I have a FreeFEM simulation that works fine with a P2 fespace but not with a P1 one.
I wish to export it using pyfreefem for further manipulation and visualisation in a python environment.
Unfortunately, pyfreefem only supports P0 and P1 fespaces.
Is there a way to convert results obtained in a P2 fespace into a P1 one (with the best approximation) so that it can be exported?
What I usually do is to just evaluate it on a grid u(na,mb) and you can use a very fine resolution.

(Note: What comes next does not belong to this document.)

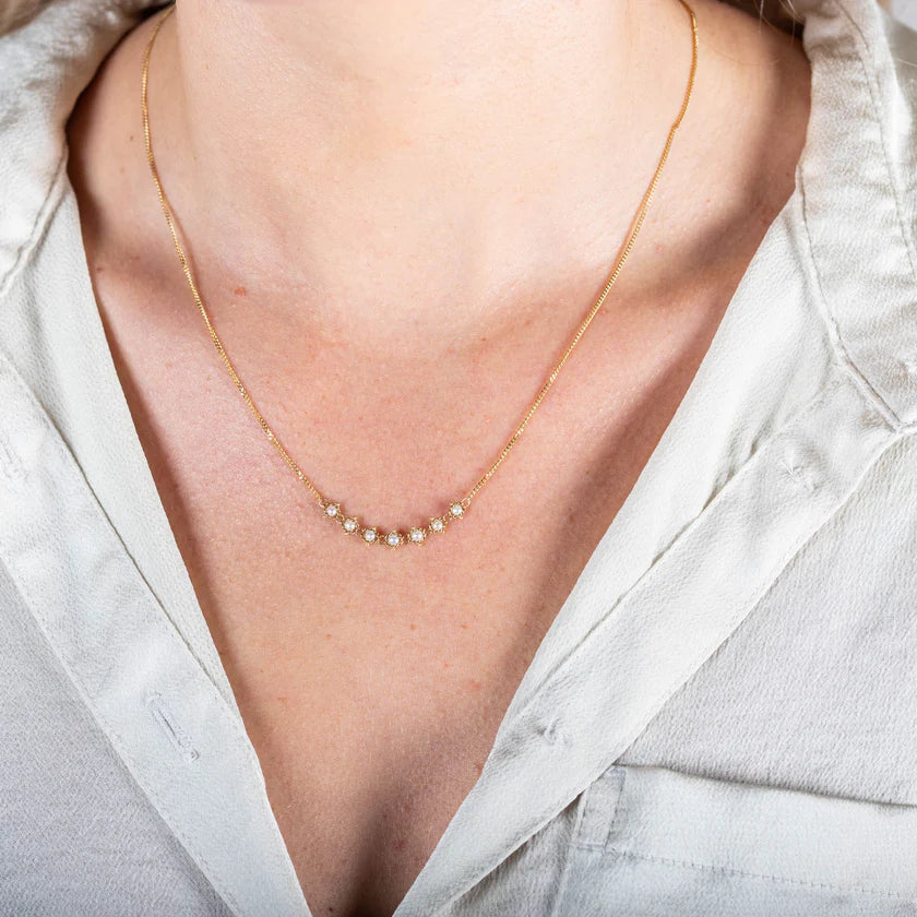 18 karat yellow gold and pearl textile necklace designed and created by Amali. The necklace features freshwater pearl beads (weighing approximately .65 carats) woven into Amali's signature textile style. The necklace is finished in a high polish. The style number is N-1002-P

Also I have become fond of 1D starting points as its a lot easier to understand when things
don’t make sense
You can also assign one to the other
mesh Th=square(10,10); mesh Th2=square(5,5); fespace Vh(Th,P1); fespace Vh2(Th2,P2); Vh u=x; Vh2 u2=u; real v=int2d(Th)(u-u2(x,y)); cout<<v<<endl; cout.flush;
Thanks. Actually, I wanted to do the opposite, i.e. convert from P2 to P1, and I wanted the same mesh for both. This was easy to adapt from your example. I actually tried something like that before asking it but it apparently failed so I thought that it was probably not that simple. It turned out that I had another problem elsewhere making this fail. Starting from your example helped me to fix it and, finally, it is that simple. It is good to know also that this can be combined with a mesh change.
I think FreeFEM supports easily the conversion of P2 to P1 structures. You can do
IMPORT "io.edp" mesh Th=square(10,10); fespace Fh1(Th,P1); fespace Fh2(Th,P2); Fh2 phi=x+y; //A P2 function Fh1 phiP1 = phi; //Interpolation from P2 to P1 exportMesh(Th); //This will be available in python exportArray(phiP1);
from pyfreefem import FreeFemRunner from pymedit import P1Function exports = FreeFemRunner("script.edp").execute() phi = P1Function(exports['Th'], exports['phiP1']); phi.plot() # Will show the function computed in FreeFEM
If you really want to be safe (this will also work for other type of finite element spaces), you can also convert manually your P2 function to a P1 function by solving a variational problem with the mass matrices as follows.
IMPORT "io.edp" mesh Th=square(10,10); fespace Fh1(Th,P1); fespace Fh2(Th,P2); Fh2 phi=x+y; //A P2 function Fh1 phiP1, v; //variational formulation for interpolating solve interp(phiP1,v) = int2d(Th)(phiP1*v)-int2d(Th)(phi*v); exportMesh(Th); //This will be available in python exportArray(phiP1);